-- What this task involves --
Within the records below is a range that opens at the line with "Setul de 6 pahare" and closes at the line with "Gold medalist Varvara". Return that range word for word, both ends included, and only that range.

-- Task input --
[Start of section]

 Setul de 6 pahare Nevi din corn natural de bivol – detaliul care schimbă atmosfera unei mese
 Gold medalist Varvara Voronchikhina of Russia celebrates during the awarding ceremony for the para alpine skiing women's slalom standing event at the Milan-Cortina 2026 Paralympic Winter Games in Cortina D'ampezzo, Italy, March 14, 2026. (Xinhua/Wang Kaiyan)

[End of section]
[Start of section]

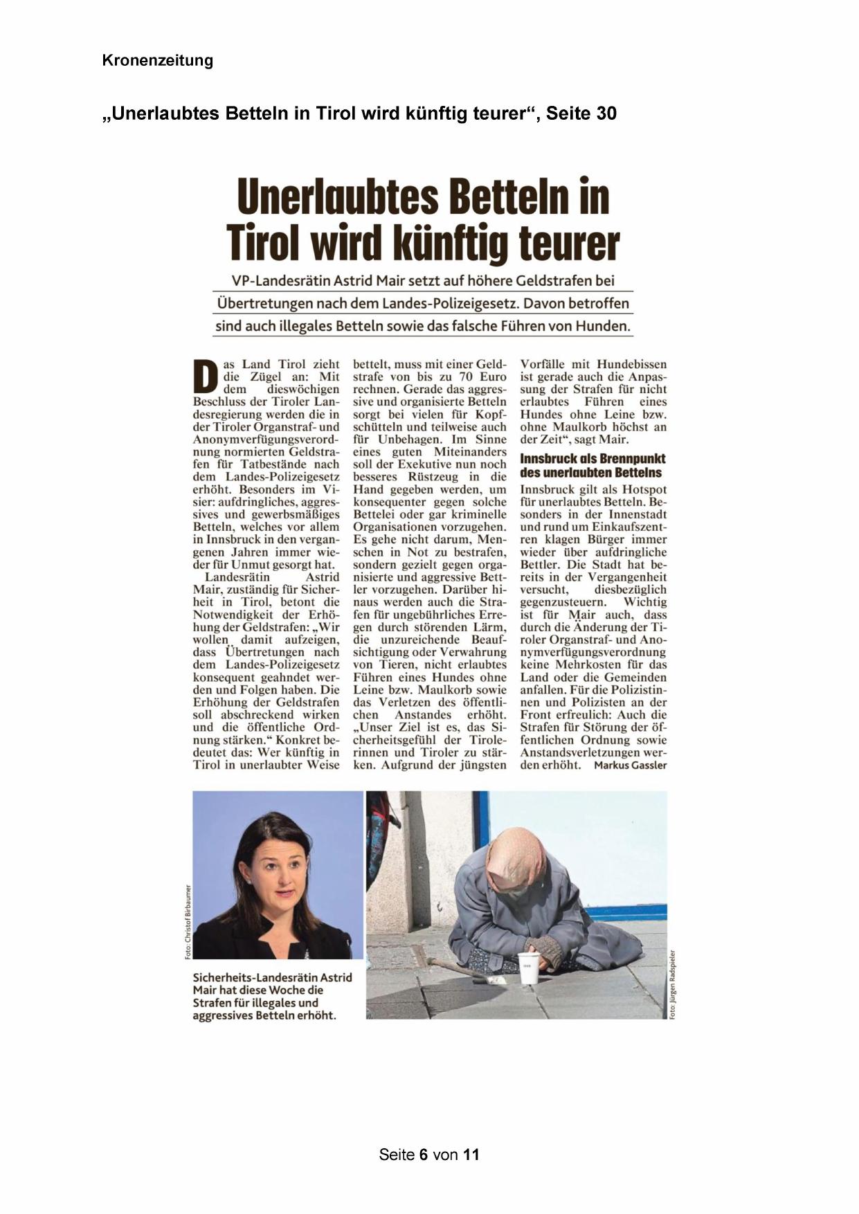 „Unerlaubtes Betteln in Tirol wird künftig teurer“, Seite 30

[End of section]
[Start of section]

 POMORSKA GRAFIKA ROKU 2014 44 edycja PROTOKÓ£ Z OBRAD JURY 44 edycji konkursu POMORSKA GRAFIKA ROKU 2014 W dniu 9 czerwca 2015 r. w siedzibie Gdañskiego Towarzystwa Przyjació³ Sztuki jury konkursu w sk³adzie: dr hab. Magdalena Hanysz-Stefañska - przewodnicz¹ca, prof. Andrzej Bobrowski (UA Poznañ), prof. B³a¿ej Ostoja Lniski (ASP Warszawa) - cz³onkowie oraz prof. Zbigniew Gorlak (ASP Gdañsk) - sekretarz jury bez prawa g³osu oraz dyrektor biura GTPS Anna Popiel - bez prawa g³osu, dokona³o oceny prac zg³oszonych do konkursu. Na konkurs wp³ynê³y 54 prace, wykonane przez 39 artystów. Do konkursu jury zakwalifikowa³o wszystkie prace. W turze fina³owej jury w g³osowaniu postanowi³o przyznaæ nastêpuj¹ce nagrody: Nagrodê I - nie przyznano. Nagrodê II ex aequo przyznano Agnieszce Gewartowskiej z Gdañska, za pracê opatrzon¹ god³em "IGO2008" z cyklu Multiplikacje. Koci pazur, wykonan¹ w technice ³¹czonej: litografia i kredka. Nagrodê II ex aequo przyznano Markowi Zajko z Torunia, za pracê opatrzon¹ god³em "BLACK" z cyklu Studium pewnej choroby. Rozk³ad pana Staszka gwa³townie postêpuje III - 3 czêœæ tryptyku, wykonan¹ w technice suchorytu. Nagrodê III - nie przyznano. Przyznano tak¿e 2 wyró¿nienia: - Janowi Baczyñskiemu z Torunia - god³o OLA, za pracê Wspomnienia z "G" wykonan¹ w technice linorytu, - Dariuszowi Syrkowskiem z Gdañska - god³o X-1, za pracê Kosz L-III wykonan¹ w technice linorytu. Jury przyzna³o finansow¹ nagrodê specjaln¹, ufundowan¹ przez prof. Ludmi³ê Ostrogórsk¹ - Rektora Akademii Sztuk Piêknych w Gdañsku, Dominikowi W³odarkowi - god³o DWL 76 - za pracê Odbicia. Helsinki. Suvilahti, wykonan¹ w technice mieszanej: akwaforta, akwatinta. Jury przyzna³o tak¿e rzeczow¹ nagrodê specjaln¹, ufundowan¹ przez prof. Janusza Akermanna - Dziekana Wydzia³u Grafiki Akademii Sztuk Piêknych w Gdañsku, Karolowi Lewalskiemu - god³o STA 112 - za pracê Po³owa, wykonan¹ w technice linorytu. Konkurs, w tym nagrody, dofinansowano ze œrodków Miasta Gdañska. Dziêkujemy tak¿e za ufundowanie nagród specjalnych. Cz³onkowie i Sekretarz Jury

[End of section]

-- Result of the task --
 Setul de 6 pahare Nevi din corn natural de bivol – detaliul care schimbă atmosfera unei mese
 Gold medalist Varvara Voronchikhina of Russia celebrates during the awarding ceremony for the para alpine skiing women's slalom standing event at the Milan-Cortina 2026 Paralympic Winter Games in Cortina D'ampezzo, Italy, March 14, 2026. (Xinhua/Wang Kaiyan)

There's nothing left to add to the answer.